David Snyder

Unshakable Strength: Holding Together in the Townships of South Africa

December 16, 2003

Hard on the lee of a steep hill, its two thin windows covered with blankets to keep the wind out, the living room of Zanele Bolata’s two-room house is nearly pitch black. But even here, in the darkness, her presence is almost tangible – a filter for the stream of young women and children who move constantly beneath her gaze, and bask in the silent strength she offers. Here, Zanele Bolata is all things to all people, but most of all to those who live here she is simply Makazi – mother.

I met Makazi at her small home in Lamontville, a tin-roofed township on the sloping hills just south of Durban, South Africa. The house itself is like all others here – tiny, unpainted, and worn with the same poverty that marks townships across South Africa. Perhaps more significantly, Makazi’s family is in many ways typical of those across South Africa’s townships as well – a family touched by AIDS and burdened with poverty. But, here at least, it is a family held together by the compassion, and strength, of one quiet figure.

Round faced and soft spoken, Makazi, 59, shares her life, and her home, with a brood of children and grandchildren. Her three grown daughters share her tiny living space, along with their eight young children, sleeping in three small wooden shacks built behind the house. It is a house only of women and children, as the townships of South Africa, like many American cities, have experienced a marked change in social behavior, and fathers, when seen at all, are often viewed more as a threat than as a source of support or protection.

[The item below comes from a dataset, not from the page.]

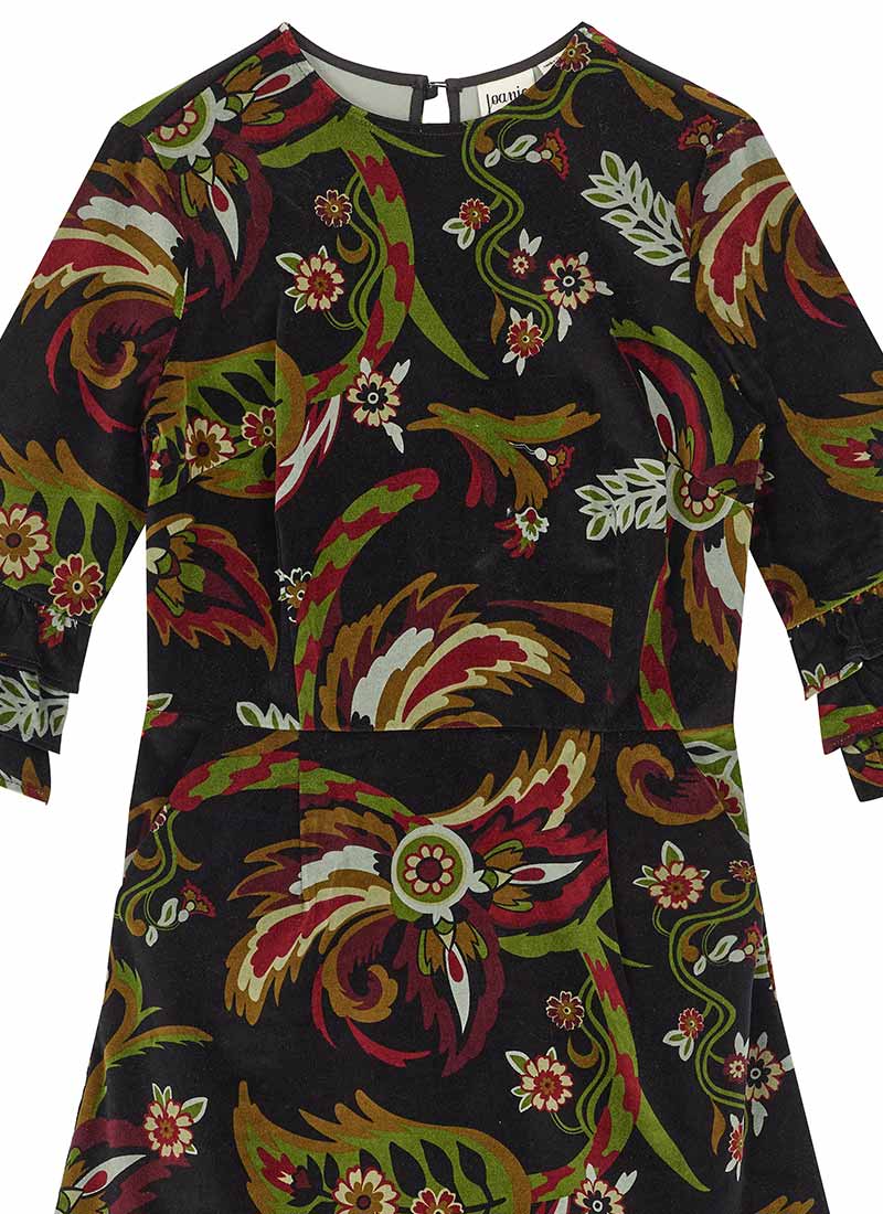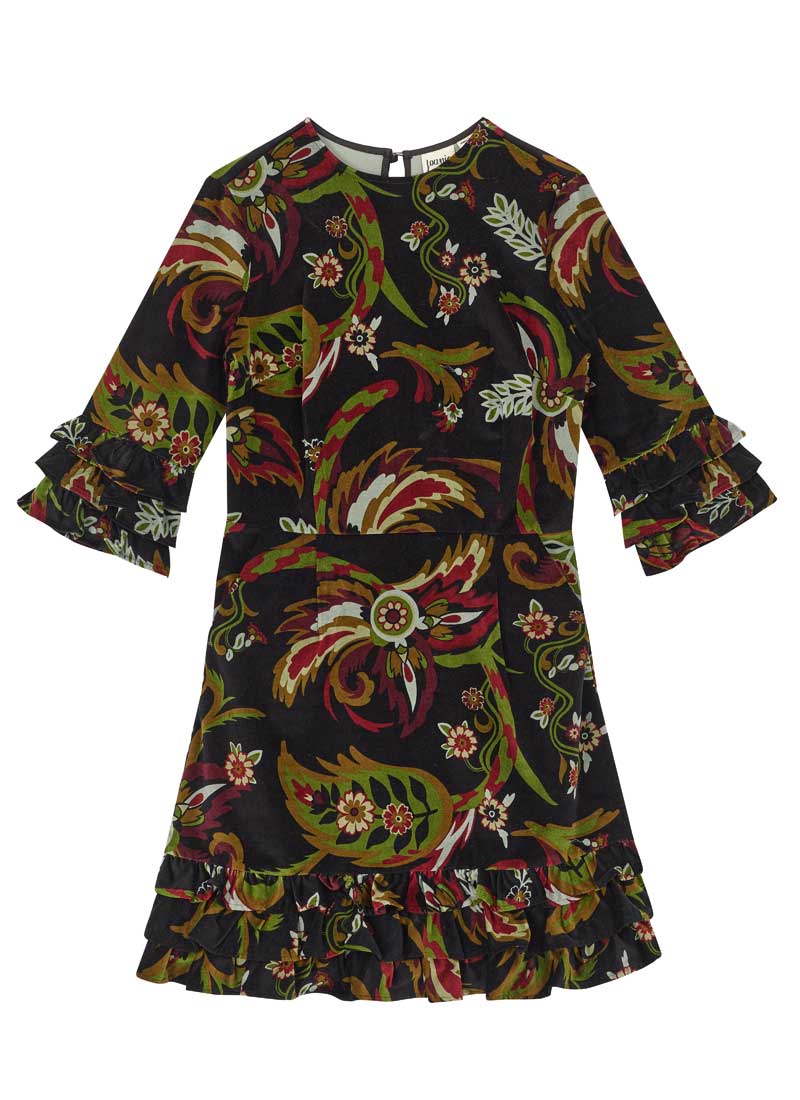 Bellisima Paisley Print Velvet Ruffle Mini Dress

“It didn’t used to be like this,” Makazi says. “When we were children we knew our fathers. But now, it is different.”

A domestic servant, Makazi works three days a week in the nearby city of Durban. For each 12-hour shift she earns 79 Rand – about $13. With none of her daughters able to find work, Makazi clothes and feeds the entire family on her salary, and pays as well the household bills and school fees for the children.

But Makazi’s generosity extends beyond the reaches of her own family. In 1990, a young woman named Gezephi showed up at her door, pregnant and scared. She had just been kicked out of her own house, she explained, and had nowhere to go. Though Makazi knew of the young woman only casually from the neighborhood, she took Gezephi in, raising her and the baby girl she eventually gave birth to as her own children. Today, Gezephi’s child, Sizakele, is 13 years old and lives happily among the other children of Makasi’s home. But the story has yet another layer.

In 1998 Gezephi, then 25 years old, fell sick. “She was losing weight, she was losing energy, and I had to struggle to get her to eat,” Makazi remembers of that time. These, they were to learn, were the first symptoms of AIDS. The year that followed was one of late night cab rides to the emergency room and all night bouts of coughing and cramps as Gezephi grew weaker. Despite the burden on her already meager resources, Makazi never abandoned the young woman, a choice many poor families have to make when faced with the extended care of relatives stricken with HIV and AIDS. “We decided to keep her here when she was sick,” Makazi says of her decision. “It was not right to throw her out.” She continued to care for Gezephi until she died in August 1999.

“She was a nice girl,” Makazi says simply, remembering the time that she shared with Gesephi.

Something of that understated sensitivity runs through everything about Makazi. But beneath her gentle exterior is an unshakable strength – a strength that enables her to provide for 12 young women and children at a time in her life when others might well be caring for her. In Africa, a continent burdened with the highest HIV infection rates in the world and saddled with widespread poverty, such figures are the lynch pin upon which entire generations now depend.